FDA clears Covidien’s latest Nellcor continuous respiratory monitor

July 30, 2012 By MassDevice staff

Covidien logo

Medical device maker Covidien (NYSE:COV) touted FDA clearance for the latest in its line of Nellcor patient monitors, the Bedside SpO2.

The device continuously monitors SpO2 and pulse rate for adult, pediatric and neonatal patients, providing access to comprehensive respiratory trends and subtle variations.

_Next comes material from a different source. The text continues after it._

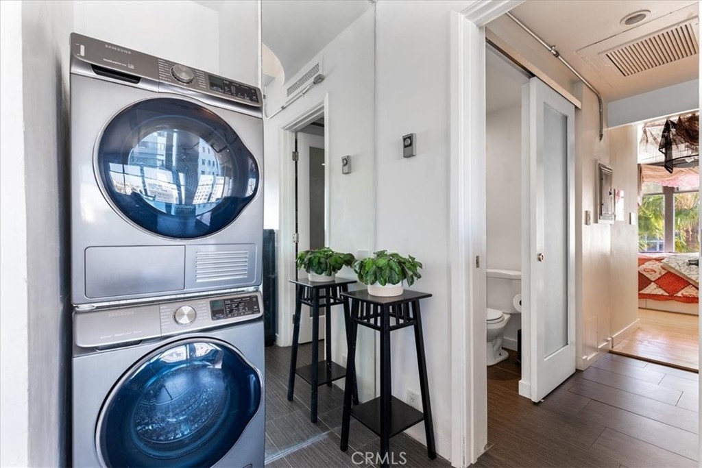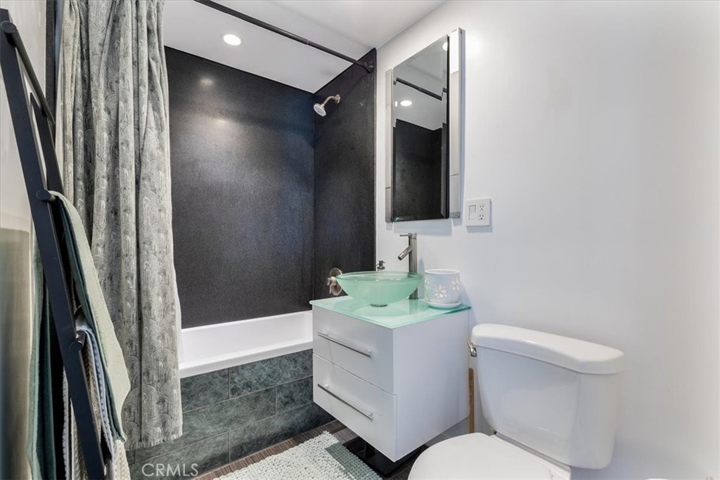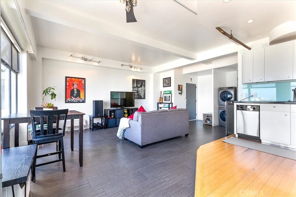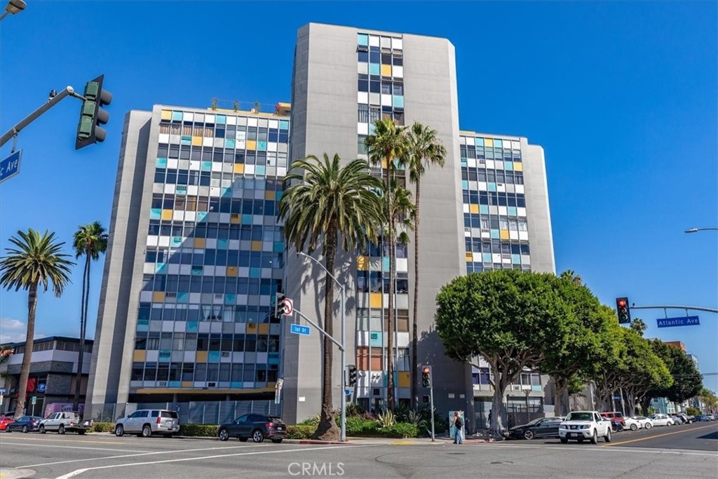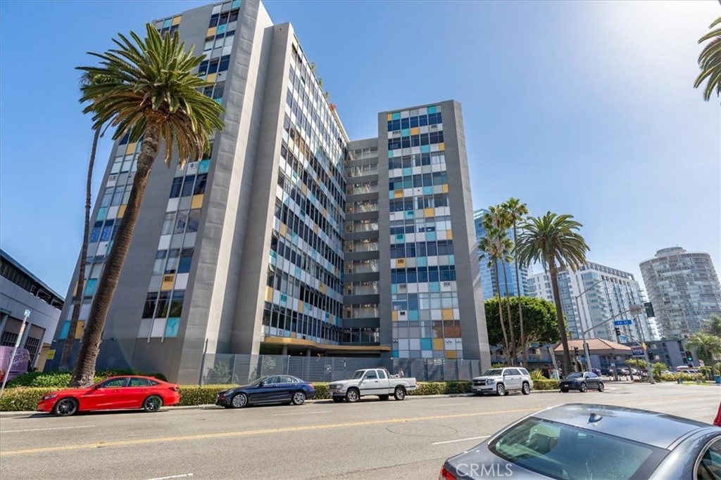 Welcome to this stylish mid-century modern condo in the heart of Downtown Long Beach! Located in the iconic Royal Palms building, this 2-bedroom, 1-bath residence offers 820 sq. ft. of thoughtfully designed living space with sweeping city views and a peek-boo view of the Queen Mary through oversized windows that flood the home with natural light. This is a end unit with only one shared wall. Seller also has an ASSUMABLE FHA loan with a 2.75% rate with approximate balance of $360K. Seller is willing to consider loan assumption. Step inside to find an open-concept floor plan featuring a modern kitchen with sleek cabinetry, granite countertops, glass backsplash, stainless steel appliances, and ample storage. RARE IN UNIT LAUNDRY! The spacious living and dining areas create the perfect space for entertaining or relaxing while enjoying the skyline views. Both bedrooms are generously sized, with the primary suite offering plenty of room for a retreat. The bathroom has been updated with a modern vanity, Full slab granite shower-tub combo, and vessel sink. This pet-friendly community includes 24 hour surveillance and an elevator with secure access required after hours, a refreshing pool, outdoor lounge areas, BBQ space, and laundry facilities. Perfectly situated on the corner of Atlantic Avenue and 1st Street, you’re just moments away from the beach, Shoreline Village, Pike Outlets, coffee shops, and award-winning restaurants. Easy access to public transportation and major freeways makes commuting a breeze. With its unbeatable location and vibrant downtown lifestyle, this condo offers the perfect blend of comfort and convenience.

"Healthcare professionals on the general care floor, and in other lower-acuity areas of the hospital, need critical patient information at their fingertips so they can respond quickly to health threats," Covidien respiratory & monitoring solutions president Robert White said in prepared remarks. "By giving them ready access to a patient’s respiratory history, the system allows them to focus on delivering efficient, high-quality care, not gathering and managing data."

Earlier this year the Mansfield, Mass.-based medical device company won FDA clearance for an earlier generation of the Nellcor respiration system with an adult respiratory sensor. Covidien won CE Mark approval to launch the device in the European Union in December 2011.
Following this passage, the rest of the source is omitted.